### Records from a data collection
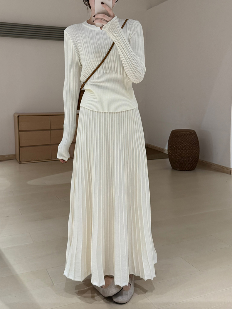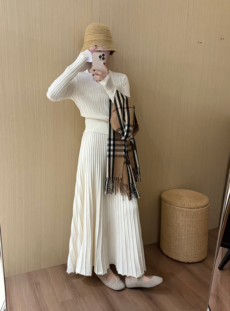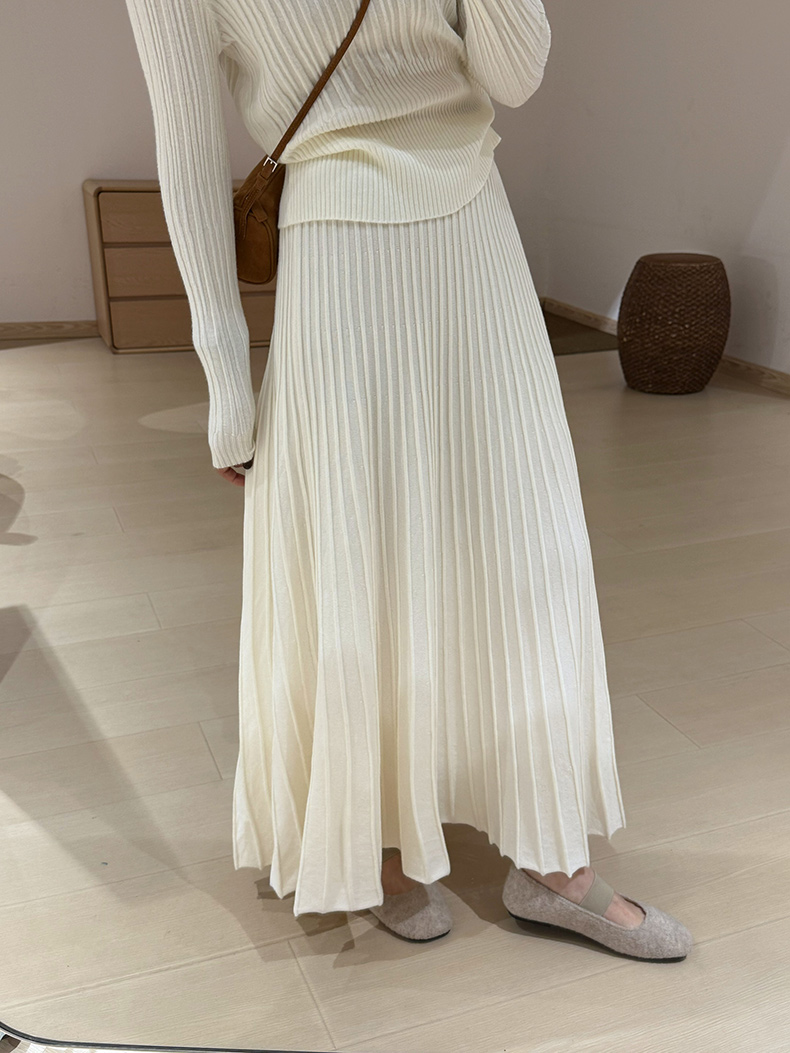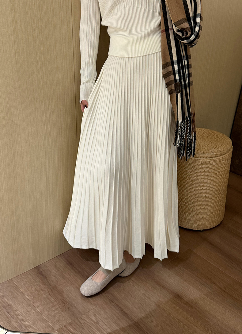 High-Waisted Slimming Cashmere Thickened Pleated Skirt 2025 Autumn New Korean Style Versatile Casual Ladylike Umbrella Skirt
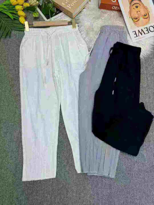全清价5.9热卖棉麻打褶裤脚休闲裤松紧腰宽松萝卜哈伦...
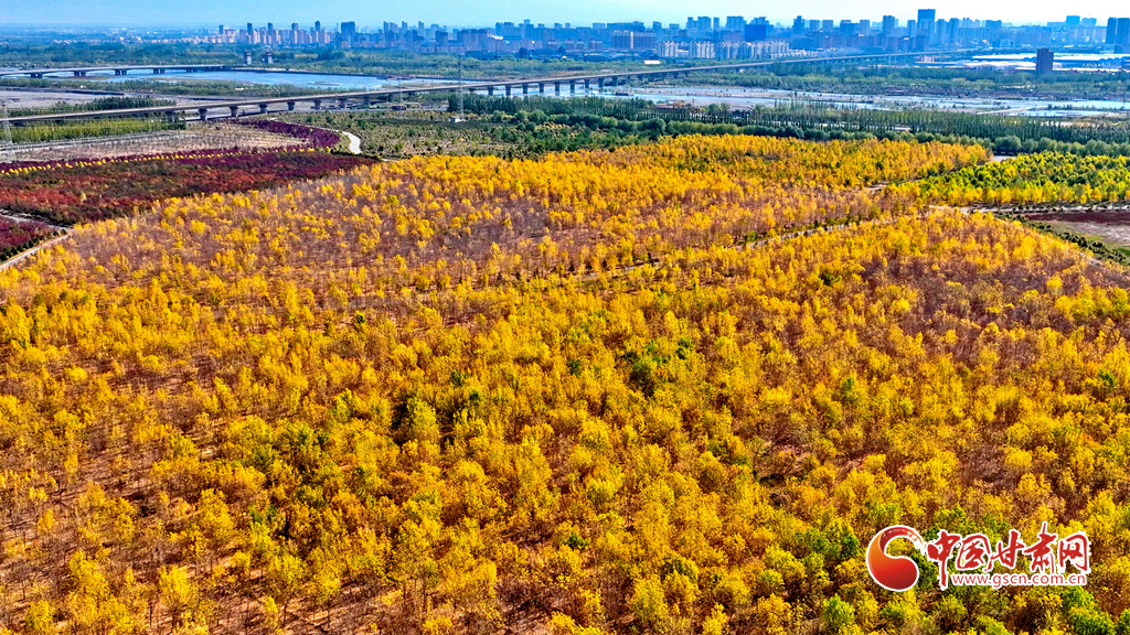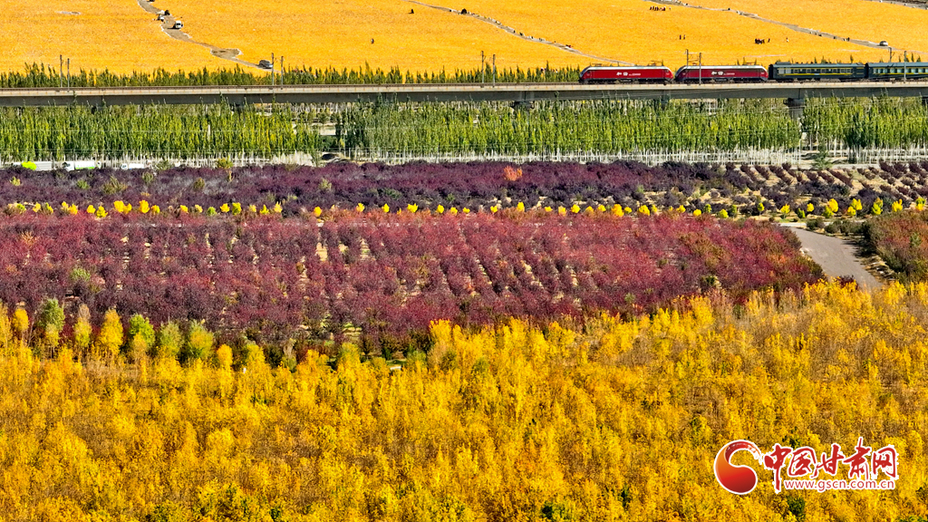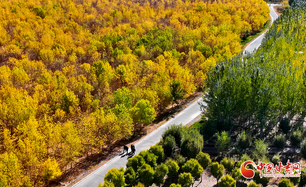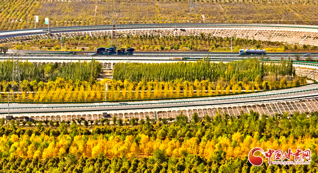 金秋時(shí)節(jié),張掖市甘州區(qū)的黑河兩岸,生態(tài)防護(hù)林的樹葉逐漸披上金色與紅色,景色迷人。尤其是那延綿的人工胡楊林景區(qū),金黃一片,層巒疊嶂,美不勝收。蘭新高鐵與連霍高速穿梭于這片林海之中,構(gòu)成了一幅動人的風(fēng)景線。這里的空氣純凈、環(huán)境寧靜、負(fù)氧離子含量豐富,成為了游客和市民休閑觀光的理想之地。
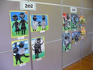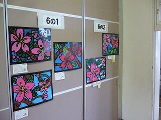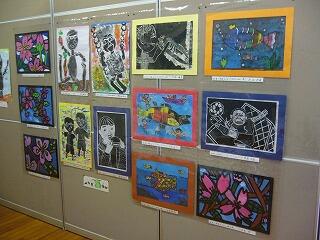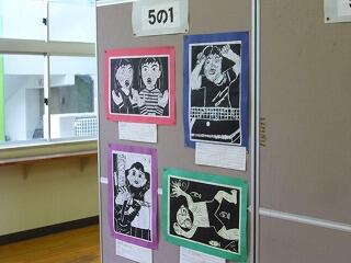 参観日に御覧になった保護者の皆さんもいらっしゃると思いますが、作品展示室に版画の作品が掲示してあります。
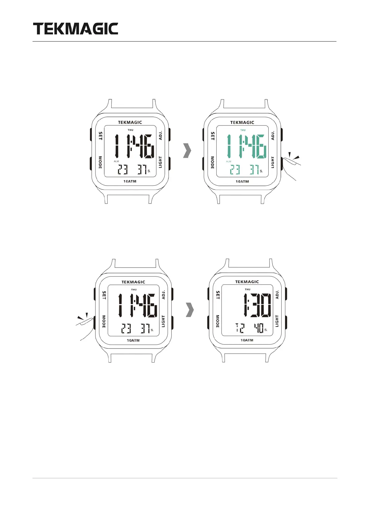 8.2 時間の数字が点滅するまで SET ボタンを押し続け、ADJ ボタンを押して時間を設定し
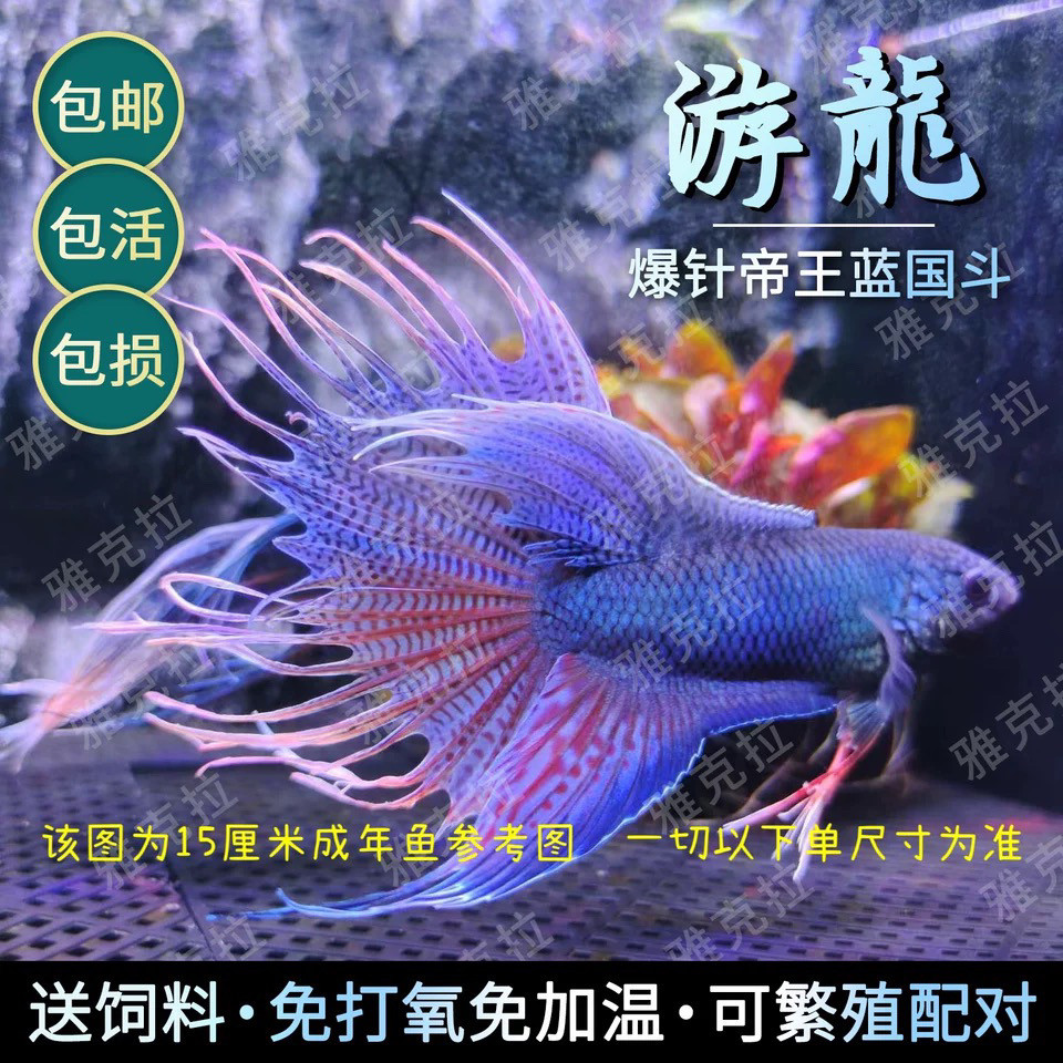 📚 中国斗鱼游龙无纹蓝帝王蓝活体活鱼淡水冷水耐养好养免加温小金鱼
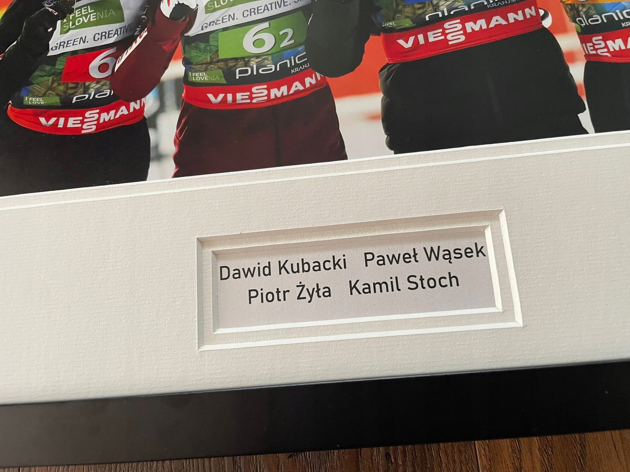 На продажу я предлагаю оригинальную фотографию с автографами наших мастеров - Камил Стох, Пиотр Жила, Давид Кубаки и Павес Веска. Это уникальный набор подписей, которые навсегда отмечают золотую эру польских лыжных прыжков.
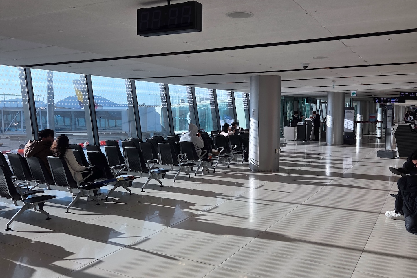김포 국제공항 국내선 터미널 8번 게이트 김포국제공항을 출발해 제주국제공항으로 가는 대한항공 KE1147 편의 탑승구는 8번 탑승구였습니다. 출발 시간은 원래 15시 40분이었지만, 15분 늦어서 15시 55분 출발로 변경되었고, 이에 따라 탑승도 조금 늦은 15시 30분에 시작했습니다.
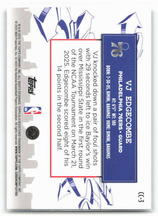 This is a nice example of a 2025-26 Topps #CC-3 VJ Edgecombe Clutch City Prospects Other important information about this card:25776In 2025 VJ Edgecombe played for the Philadelphia 76ers.Please check...

### TASK TO COMPLETE
Could you repeat, exactly and with nothing else, the lines from the one containing "김포 국제공항 국내선" through the last line of the records above, leaving out the pictures?

### ANSWER FOR THE TASK
김포 국제공항 국내선 터미널 8번 게이트 김포국제공항을 출발해 제주국제공항으로 가는 대한항공 KE1147 편의 탑승구는 8번 탑승구였습니다. 출발 시간은 원래 15시 40분이었지만, 15분 늦어서 15시 55분 출발로 변경되었고, 이에 따라 탑승도 조금 늦은 15시 30분에 시작했습니다.
 This is a nice example of a 2025-26 Topps #CC-3 VJ Edgecombe Clutch City Prospects Other important information about this card:25776In 2025 VJ Edgecombe played for the Philadelphia 76ers.Please check...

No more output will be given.